-------- Data below

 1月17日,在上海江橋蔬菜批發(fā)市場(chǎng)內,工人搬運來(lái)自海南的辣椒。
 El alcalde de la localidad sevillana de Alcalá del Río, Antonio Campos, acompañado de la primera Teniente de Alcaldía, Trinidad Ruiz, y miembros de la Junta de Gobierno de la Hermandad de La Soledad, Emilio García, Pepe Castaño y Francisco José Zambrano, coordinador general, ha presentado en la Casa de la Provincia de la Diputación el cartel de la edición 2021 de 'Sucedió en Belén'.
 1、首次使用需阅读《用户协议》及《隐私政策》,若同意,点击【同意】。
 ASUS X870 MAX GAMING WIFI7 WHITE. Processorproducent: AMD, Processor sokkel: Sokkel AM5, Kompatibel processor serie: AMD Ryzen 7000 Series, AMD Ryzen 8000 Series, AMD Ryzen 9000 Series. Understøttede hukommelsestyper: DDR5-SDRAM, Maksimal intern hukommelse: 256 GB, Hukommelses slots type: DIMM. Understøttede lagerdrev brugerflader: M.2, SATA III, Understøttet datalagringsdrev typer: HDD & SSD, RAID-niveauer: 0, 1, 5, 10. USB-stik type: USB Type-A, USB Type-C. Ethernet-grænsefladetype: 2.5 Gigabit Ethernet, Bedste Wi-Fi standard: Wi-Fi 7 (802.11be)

----------------

Copy exactly, and only, the lines from the line containing "El alcalde de" to the end of the listing, with both ends included.

**Solution for this exercise:**
 El alcalde de la localidad sevillana de Alcalá del Río, Antonio Campos, acompañado de la primera Teniente de Alcaldía, Trinidad Ruiz, y miembros de la Junta de Gobierno de la Hermandad de La Soledad, Emilio García, Pepe Castaño y Francisco José Zambrano, coordinador general, ha presentado en la Casa de la Provincia de la Diputación el cartel de la edición 2021 de 'Sucedió en Belén'.
 1、首次使用需阅读《用户协议》及《隐私政策》,若同意,点击【同意】。
 ASUS X870 MAX GAMING WIFI7 WHITE. Processorproducent: AMD, Processor sokkel: Sokkel AM5, Kompatibel processor serie: AMD Ryzen 7000 Series, AMD Ryzen 8000 Series, AMD Ryzen 9000 Series. Understøttede hukommelsestyper: DDR5-SDRAM, Maksimal intern hukommelse: 256 GB, Hukommelses slots type: DIMM. Understøttede lagerdrev brugerflader: M.2, SATA III, Understøttet datalagringsdrev typer: HDD & SSD, RAID-niveauer: 0, 1, 5, 10. USB-stik type: USB Type-A, USB Type-C. Ethernet-grænsefladetype: 2.5 Gigabit Ethernet, Bedste Wi-Fi standard: Wi-Fi 7 (802.11be)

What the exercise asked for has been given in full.